Abstract
Tolbutamide has been shown to be an uncoupler of oxidative phosphorylation of liver mitochondria. Previous reports demonstrated that its uncoupling action was greatly accelerated by Ca2+ and partially restored by EGTA. The present authors investigated the accelerating effect of Ca2+ on the uncoupling action of tolbutamide more precisely, using rat liver mitochondria. The following results were obtained.
(1) The uncoupling action of tolbutamide was accelerated with increase in concentration of Ca2+ in the range of 0.1-0.4 mM.
(2) Five mM or 10 mM carnitine, in proportion to its concentration, accelerated the action of tolbutamide.

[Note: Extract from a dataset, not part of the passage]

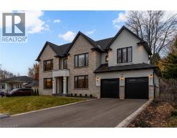 Crafted with exceptional attention to detail and completed in 2025 (Tarion warranty), this custom two-storey luxury home offers nearly 6,000 sqft. of finished living, 5+1 bedrooms, 6 total baths, and a contemporary transitional design blending sophistication with family-friendly functionality. Situated on a 75 x 105 ft lot in Ancaster’s Nakoma neighbourhood, it features striking curb appeal with a stone-and-stucco exterior and a 2.5-car triple tandem garage. Inside, soaring 9 ft ceilings on all three levels, wide-plank white oak hardwood, 8 ft solid core doors, 9 baseboards, and oversized windows create a sense of grandeur. The 19-ft great room showcases floor-to-ceiling windows and a 42 gas fireplace flanked by custom cabinetry. A main-floor office with built-ins, formal dining room, and powder room provide elegant, purposeful spaces, while the dining table converts into a pool table for dual-purpose entertaining. The gourmet kitchen features black cabinetry, a 9' x 5' waterfall quartz island, full-slab quartz backsplash, champagne and honey bronze fixtures, Bertazzoni appliances, and a walk-in pantry and servery with black stainless-steel sink. Adjacent are the mudroom/laundry with garage entry and a main-level bedroom with ensuite. Upstairs, four bedrooms each have ensuite access, including a primary retreat with 10 ft tray ceiling, oversized walk-in closet, linear fireplace, and spa-inspired 5-piece ensuite with heated floors. The finished lower level offers 9 ft ceilings, oversized windows, sixth bedroom, full bathroom, linear fireplace, and endless possibilities. Additional features include radon mitigation, 200-amp service, hardwired security system, and DryCore subfloor. Outside, the back patio provides a starting point for a dream outdoor space, with a pre-approved building permit for an in-ground pool and gas lines for BBQ. Centrally located, this home offers walkability to schools, parks, shops, and quick access to Hwy 403. (See full list of features.) (id:61594)

(3) Decrease in the substrate concentration from 10 mM to 1 mM resulted in an acceleration of the action of tolbutamide.
(4) Under conditions which accelerated the action of tolbutamide, the presence of 10 mM carnitine and 1 mM substrate, further addition of 50μM Ca2+ resulted in a strong acceleration of the action of tolbutamide: only 1 mg% tolbutamide caused significant uncoupling and 10 mg% tolbutamide caused complete uncoupling.
(5) Seven mg% tolbutamide demonstrated complete uncoupling in the presence of 50μM Ca2+ and 1 mM substrate using aged mitochondria.
The above findings suggest that Ca2+ has an intimate relation to the uncouplig action of tolbutamide. Previous results showing that tolbutamide changed the permeability of Ca2+ through the mitochondrial membrane seem to be in good accord with the present study.